Climate risk encompasses both physical risks (the direct impacts of climate change on assets, operations, and supply chains) and transition risks (the risks associated with the shift to a low-carbon economy, including regulatory changes, technology shifts, and market impacts). The Task Force on Climate-related Financial Disclosures (TCFD) framework has become the global standard for assessing and disclosing climate-related risks, with mandatory disclosure requirements now in place or in development in multiple major economies.
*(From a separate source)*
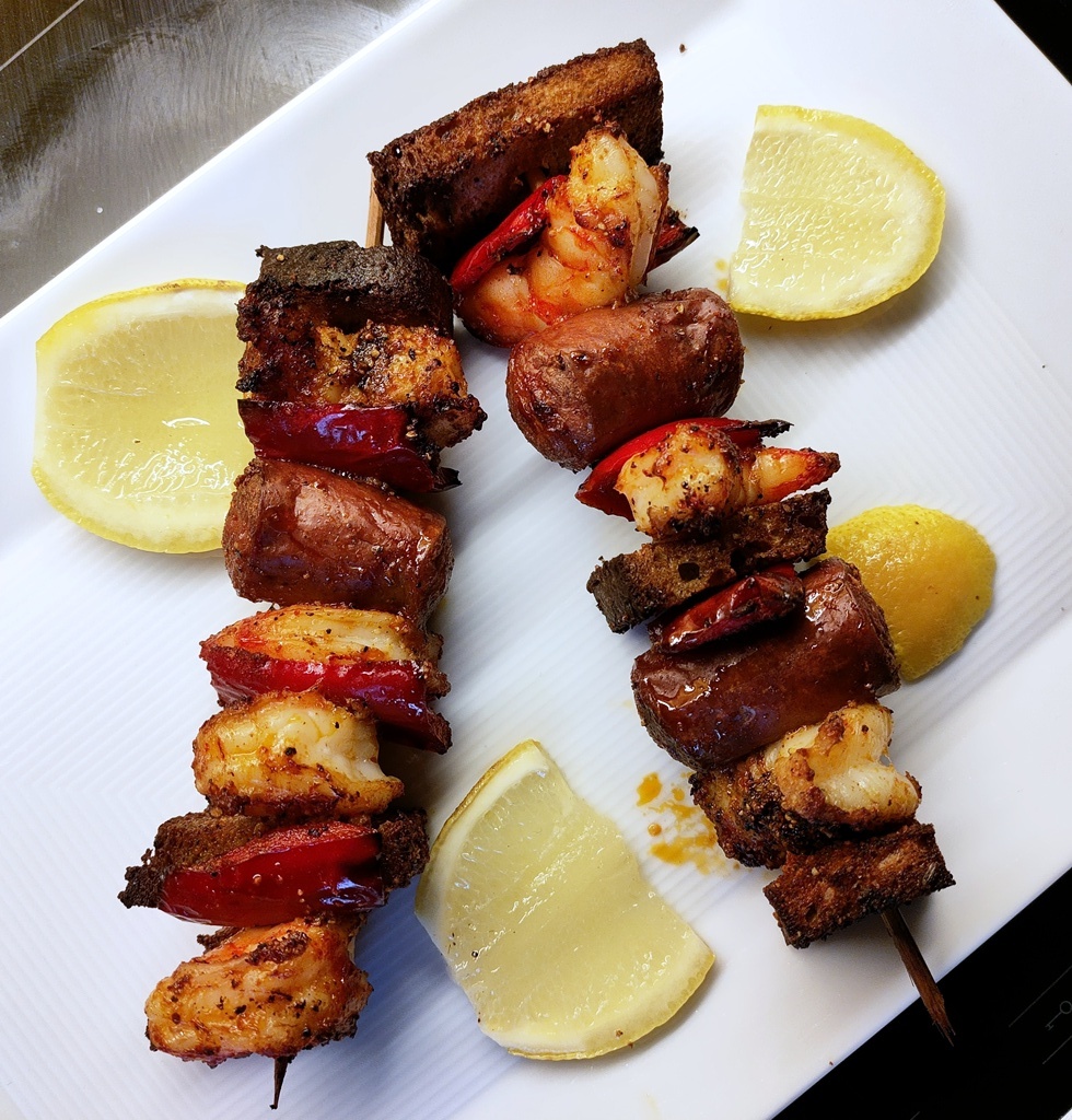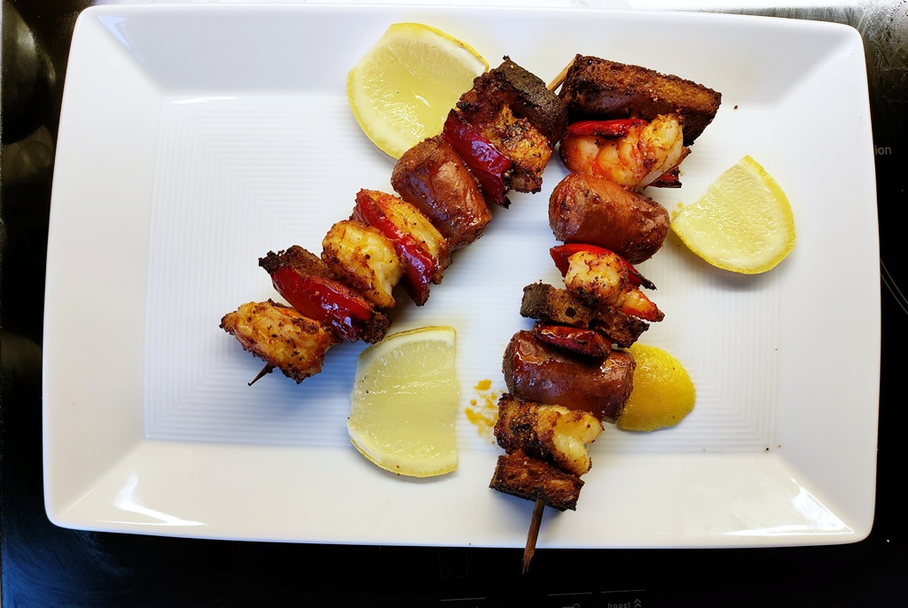 Auf den Spießen landen neben Garnelen noch Sauerteigbrot, Chorizo und geröstete Paprika aus dem Glas; gewürzt wird mit Rauchpaprika; das Ganze hat also ordentlich Schwung – und steht in 20 Minuten auf dem Tisch.
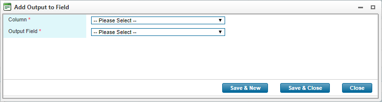 • Once all Column and Output Field associations have been made, click Save & Close.

ERM programs must incorporate climate risk into scenario analysis, stress testing, and long-term strategic planning. Physical risk assessment requires analysis of asset exposure to climate hazards (flood, extreme heat, sea-level rise) over investment time horizons. Transition risk assessment requires analysis of how different decarbonization scenarios affect the organization's business model, cost structure, and competitive positioning.

Geopolitical Risk

The post-Cold War assumption of a stable, open global economy has given way to a more contested, fragmented geopolitical environment. Trade conflicts, sanctions regimes, industrial policy competition, and regional instability have created geopolitical risk exposures that many organizations underestimated for decades. Supply chain concentration in geopolitically sensitive regions, technology dependencies on adversarial nations, and exposure to sanctions-related regulatory risk have all become mainstream board-level concerns.

Managing geopolitical risk requires ongoing intelligence gathering about geopolitical developments in relevant markets, scenario analysis of geopolitical disruption scenarios and their business impacts, and proactive supply chain and operational resilience strategies that reduce concentrated geopolitical exposures.
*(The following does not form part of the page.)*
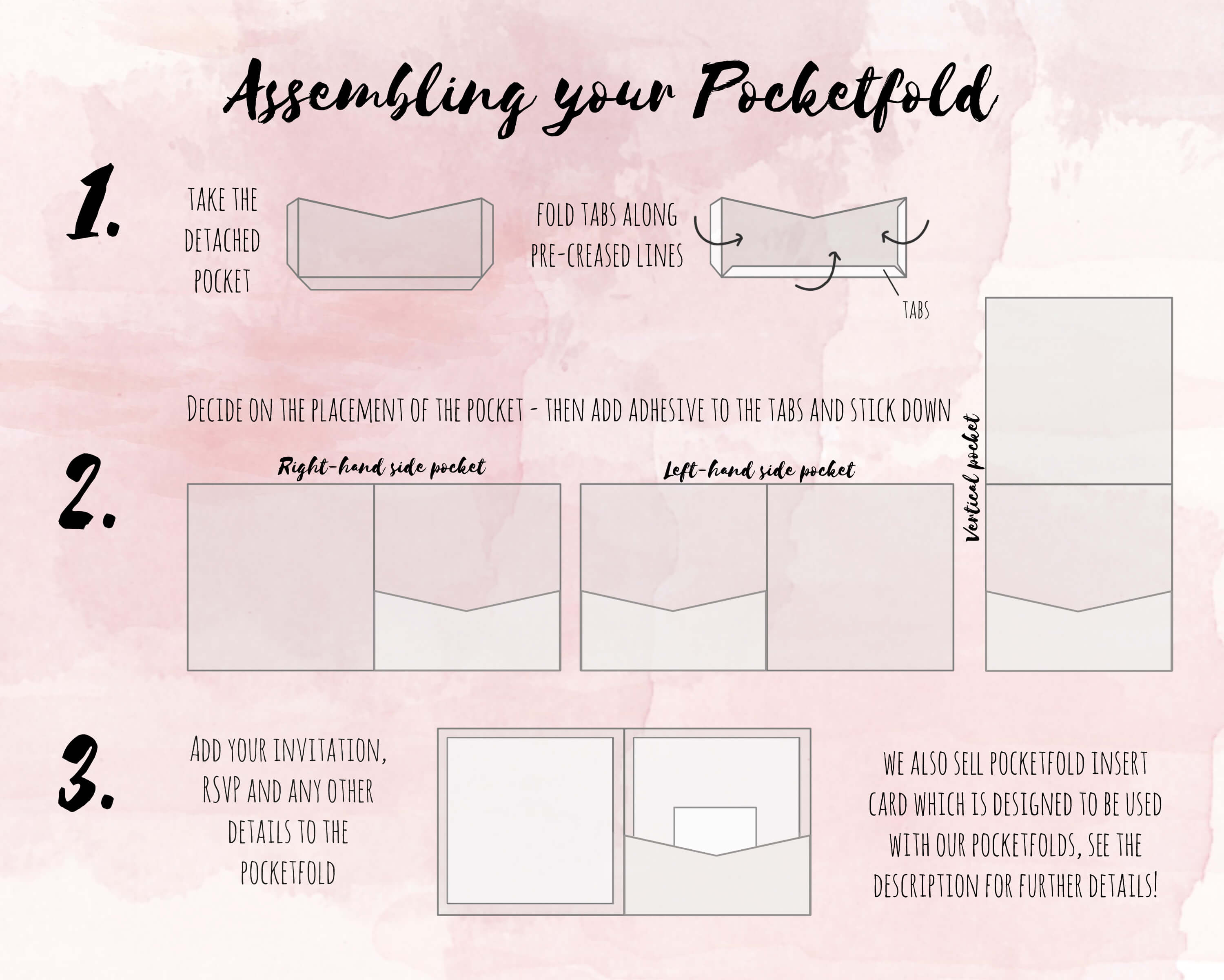 With these pocketfolds, the pocket placement is versatile, giving you complete control over the final look of your invite. The pocket can be placed on the left or right hand side, or at the bottom for a vertically opening pocketfold! Here's our handy guide to assembling your Pocketfold. If you would like to order from us you can find our pocketfold card invitations here and our pocket card inserts here.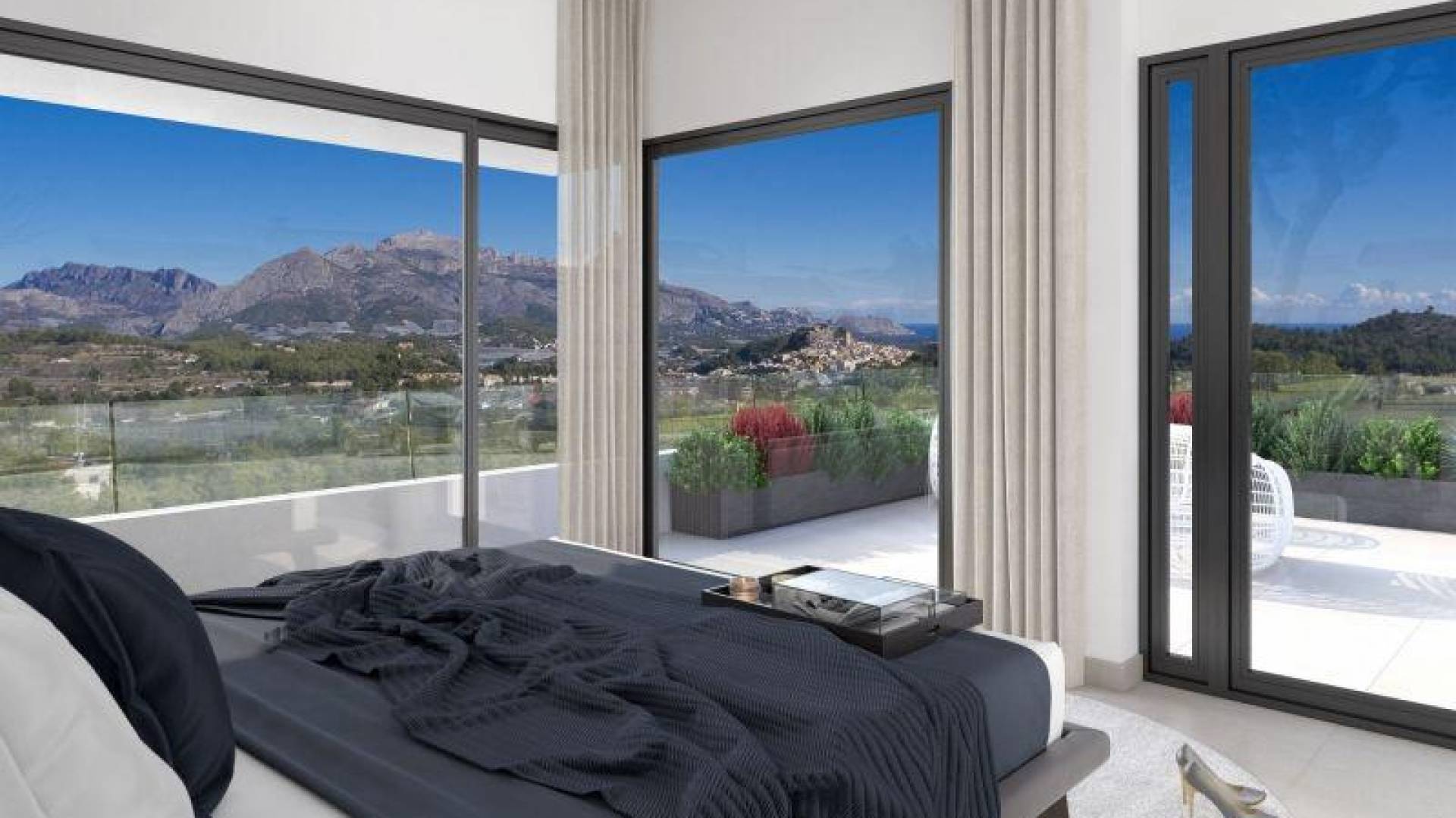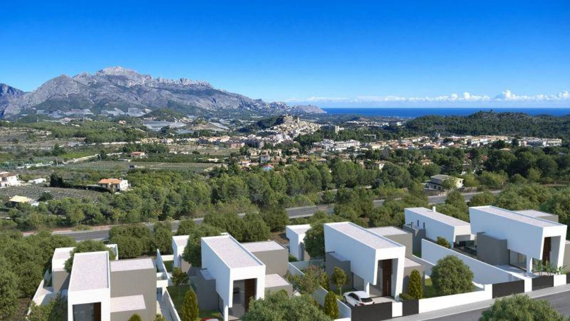 VILLAS MODERNAS DE OBRA NUEVA EN POLOP!!! Rodeado de pinos y custodiado por el Monte Ponoig, la urbanización ofrece la combinación ideal entre diseño, confort y naturaleza. Viviendas donde se vive bien todo el año. Para apreciar el encanto del medio ambiente tanto en invierno como en verano. Esta villa de una sola planta, construida sobre una parcela de 456 m2, posee una superficie construida de 199 m2 distribuida en salón-comedor-cocina abierta de 39 m2, 3 dormitorios, 2 cuartos de baño, terraza de 42 m2, Sótano de 33 m2. Villas de diseño vanguardista con piscina infinity, inspiradora, con vistas abiertas que preside una zona de relax con zona de barbacoa para sus fiestas y eventos o simplemente su día a día. Terminaciones de lujo con interiores acogedores enmarcados por grandes ventanales que dejan la luz inundar las habitaciones durante todo el día. Suelos de gres porcelánico de primeras marcas, ventanas de doble acristalamiento, persianas motorizadas y aislamiento térmico y acústico en suelos, paredes y ventanas para que su alojamiento ofrezca una excelente comodidad en todo momento. Incluidos: Calefactor de agua eléctrico con aerotermia Preinstalación de un punto de recarga para coche eléctrico Aire acondicionado por conductos Electrodomésticos: vitrocerámica, campana, lavavajillas, horno eléctrico, lavadora Piscina privada Área de estacionamiento para 2 vehículos Jardín con riego Puerta de entrada del vehículo corredizo y motorizado Ubicación privilegiada con caminos y rutas de montaña, Espacios Verdes, Cafetería y restaurantes a pocos metros. El centro de Polop a 15 min a pie o 4 minutos en coche. La Nucia a 10 min en coche. Las playas de Altea a 20 min en coche. Toda la oferta de ocio de Benidorm (parques temáticos, playa, clubs, restaurantes) a 20 min en coche.

ERM Rollout Roadmap: From Aspiration to Operational Reality

Carrying out ERM is a multi-year journey that requires careful sequencing. Organizations that attempt to add all ERM components simultaneously typically overwhelm their capacity and produce shallow implementations across the board. A phased approach, building foundational capabilities first and adding sophistication progressively, is more likely to succeed.

Phase 1: Foundation (Months 1 to 12)

Establish the governance infrastructure: ERM policy, risk appetite statement, risk management committee, and clear accountability for enterprise risk oversight. Conduct an initial enterprise risk assessment to identify and prioritize the most significant risks. Create an enterprise risk register with risk owners for the top 20 to 30 risks. Develop initial risk reporting for the board and senior leadership. These activities create the foundation without which subsequent phases have nothing to build on.

Phase 2: Integration (Months 12 to 24)

Integrate risk management into the strategic planning process. Develop key risk indicators for the highest-priority risks. Build cross-functional risk communication mechanisms. Enhance risk assessment with quantitative methods for the most significant financial and operational risks. Conduct risk culture assessment and develop a culture improvement plan.

Phase 3: Sophistication (Months 24 to 36 and beyond)

Set up advanced risk quantification, including scenario analysis and stress testing. Develop an ERM technology platform that enables real-time risk monitoring and reporting. Expand risk appetite into a comprehensive framework of risk thresholds and limits at the business unit level. Build emerging risk intelligence capabilities. Conduct formal ERM maturity assessment and develop a continuous improvement roadmap.

Measuring ERM Maturity

ERM maturity assessment provides a systematic evaluation of the current state of the risk management program across the key dimensions of governance, process, culture, and technology. Several established maturity models are available, including the RIMS Risk Maturity Model and the COSO ERM maturity framework.

Most maturity models describe five levels: initial (ad hoc, reactive risk management), developing (basic risk processes in place but inconsistently applied), defined (formalized processes with clear accountability), managed (risk information integrated into decision-making, KRIs in use), and optimizing (continuous improvement, risk management deeply embedded in strategy and operations).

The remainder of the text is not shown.